[Haskell-cafe] Re: Space and time leaks

Thu Oct 4 12:36:15 EDT 2007

Ronald Guida wrote:
> 
> Now for the hard questions.
> 1. How do I go about detecting space and time leaks?
> 2. Once I find a leak, how do I fix it?
> 3. Are there any programming techniques I can use to avoid leaks?
> 
I'm hard time to believe I'll write something you do not know but
  I had similar problem and it was not hard to fix (despite
  some stories that it is very hard in Haskell).
If you use ghc then skim over this, otherwise do not mind.
Check also GHC User Guide.
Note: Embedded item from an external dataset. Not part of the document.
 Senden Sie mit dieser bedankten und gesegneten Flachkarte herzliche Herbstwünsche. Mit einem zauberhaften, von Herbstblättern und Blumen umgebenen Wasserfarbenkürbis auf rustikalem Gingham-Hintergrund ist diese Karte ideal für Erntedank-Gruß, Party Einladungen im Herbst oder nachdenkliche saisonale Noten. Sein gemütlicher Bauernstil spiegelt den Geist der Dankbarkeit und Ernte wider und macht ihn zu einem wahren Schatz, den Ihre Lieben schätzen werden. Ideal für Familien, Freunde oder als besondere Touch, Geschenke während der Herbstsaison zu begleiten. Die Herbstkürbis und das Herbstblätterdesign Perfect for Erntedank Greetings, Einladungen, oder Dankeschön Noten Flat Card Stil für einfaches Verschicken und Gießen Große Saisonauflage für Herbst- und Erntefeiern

The options are described, well not
  very well but better than nothing.

add 1)
   Here are few options I found most useful.
   compile with: -prof -auto-all
   run with: +RTS -p -hc -RTS
     ... to see what functions are creating leaks and which functions
     take the most time.
     Check out the <app>.prof and <app>.hp (the numbers in <app>.hp
     correspond to stack traces in <app>.prof (the no. column)).
   run with: +RTS -hr -RTS
     ... to see what is still keeping references to your data
     The stack traces corresponding to the numbers in <app>.hp are in
     <app>.prof. The stuff which is keeping the references are typically
     the routines which are creating closures and pass them around in
     their results instead of forcing computation and returning the
     processed data (which are hopefully much smaller than the input
     data processed).
   run with: +RTS -s +RTS
     ... and check your <app>.stat to see if your time problem is not
     actually a space problem leading to very poor GC performance.
   use hp2ps to look at the <app>.hp files

add 2)
   Add ! to your data types at places from the result data structure
   to the final/leaf data structures which will keep the processed data.
   This is provided you do not need laziness on some places. If you do
   (e.g. so that you do not compute data fields which are not mostly
   used or when you actually require it for efficient processing (like
   foldr with function nonstrict in second arg)) then you need to use
   seq or preferably $! on the code paths which need to be strict and
   leave the rest of code paths lazy. Idea is that you need strictness
   somewhere so that your huge input data are compacted to the small
   output data on the fly instead at the very end when you ask for
   some result.

add 3)
   There is something on the haskell wiki. Search for stack overflow
   and something about tail recursion and when it is a "red herring".
   I just looked for the data with google and there is enough of them.

Peter.